Assassination of the Japanese Shinzo Abe

Japanese officials will soon begin discussing arrangements for the funeral of former Prime Minister Shinzo Abe, who was assassinated Friday in a shootout in broad daylight, sending a nation unaccustomed to armed violence into a state of shock and anger.

On Saturday morning after the deadly shooting on a street in downtown Nara, Japan, a car believed to be carrying the body of the former world leader left Nara Medical University Hospital, where Abe had received treatment. , according to the Japanese public channel NHK.

Her widow, Akie Abe, travels with her husband’s body back to Tokyo, where the family resides, before talking about funeral arrangements, Abe’s office told CNN.

Following the murder, mourners gathered to place flowers and kneel at a makeshift monument outside Yamato-Saidaiji Station in Nara, near where Abe was killed.

That a former prime minister could be shot dead at close range while delivering a speech in broad daylight in a country with one of the lowest firearm crime rates in the world has resonated in Japan and the world.
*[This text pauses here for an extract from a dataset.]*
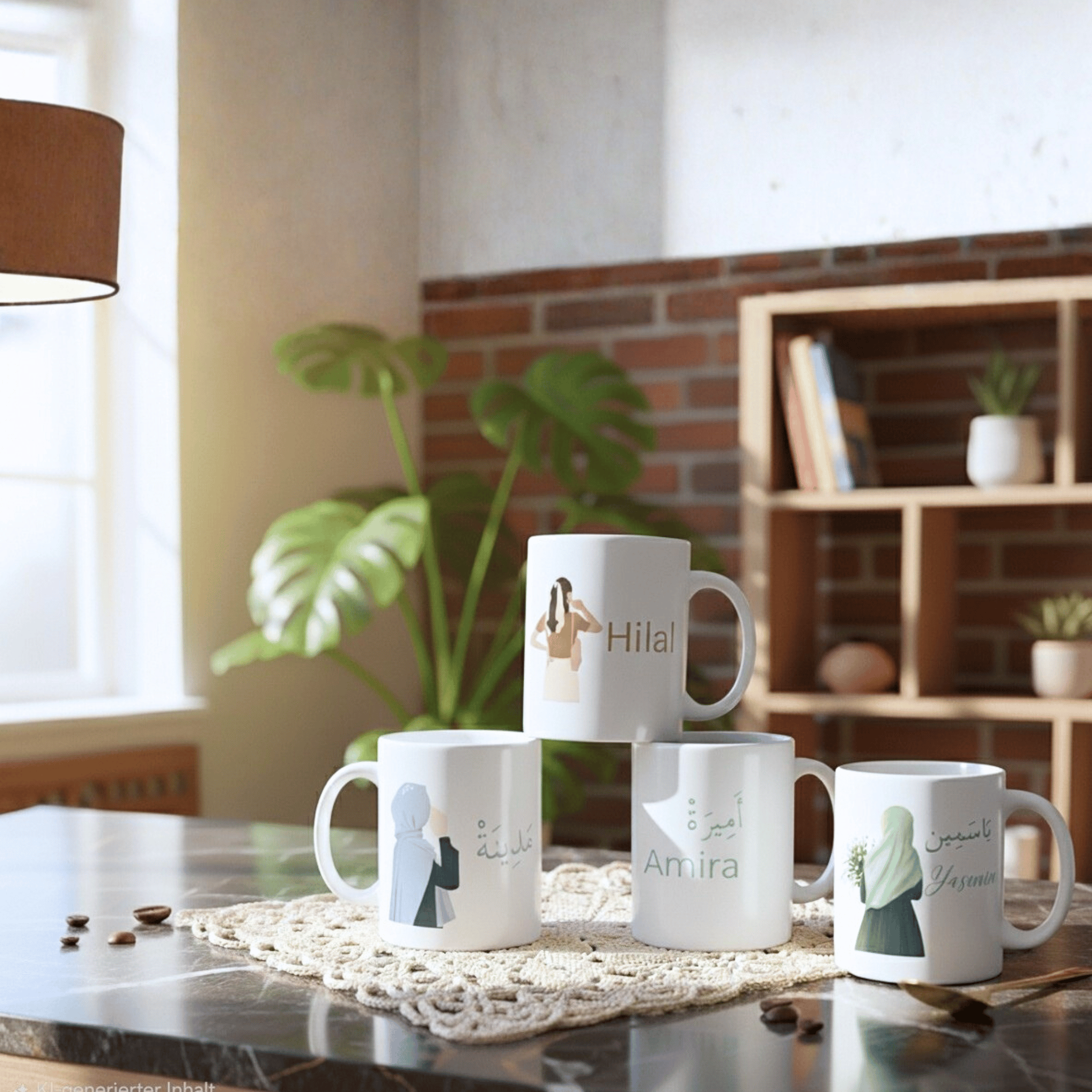 Wähle zwischen arabischer Kalligrafie, lateinischer Schrift oder beidem, um deine Tasse nach deinen Wünschen zu gestalten. Jede Tasse ist ein einzigartiges Stück, das deine Persönlichkeit widerspiegelt.

Presidents, prime ministers and other international leaders sent tributes expressing outrage and sadness over the assassination.

Abe, 67, was pronounced dead Friday at 5:03 p.m., local time, just over five hours after he was shot while delivering a campaign speech in front of a small crowd on the street.
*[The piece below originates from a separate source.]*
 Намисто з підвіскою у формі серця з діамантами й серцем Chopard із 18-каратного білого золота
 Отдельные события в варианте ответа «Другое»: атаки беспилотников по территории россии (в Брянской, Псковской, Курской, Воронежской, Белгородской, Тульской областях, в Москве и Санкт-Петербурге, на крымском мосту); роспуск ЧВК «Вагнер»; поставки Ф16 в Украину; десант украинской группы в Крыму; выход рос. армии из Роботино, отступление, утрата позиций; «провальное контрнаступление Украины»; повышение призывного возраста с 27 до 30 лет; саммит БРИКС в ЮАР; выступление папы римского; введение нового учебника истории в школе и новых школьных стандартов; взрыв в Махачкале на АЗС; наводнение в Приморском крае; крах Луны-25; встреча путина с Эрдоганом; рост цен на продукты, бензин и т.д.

At the time of the shooting, Abe was speaking in support of the Liberal Democratic Party (LDP) government candidates ahead of Sunday’s upper house elections, which are still scheduled for the celebration. Although he resigned as Prime Minister of Japan in 2020 for health reasons, Abe continued to be an influential figure in the country’s political landscape and continued to campaign for the LDP.

Japan’s “JFK Moment”: Abe was Japan’s longest-serving prime minister who defined the country’s politics for a generation.

He will be remembered for raising defense spending, driving the most dramatic change in Japanese military policy in 70 years and his grand experiment designed to pull Japan’s economy out after decades of stagnation, known as “Abenomics”.

Tomohiko Taniguchi, a former special adviser to Abe, said the former prime minister was “one of Japan’s most transformative leaders” and described his assassination as the equivalent of the assassination of US President John F. Kennedy.

“I think it will be the equivalent of the day of JFK’s murder … It has been a day of sadness, pain, disbelief and for me, a tremendous rage. People have a hard time digesting reality,” Taniguchi said. . Friday.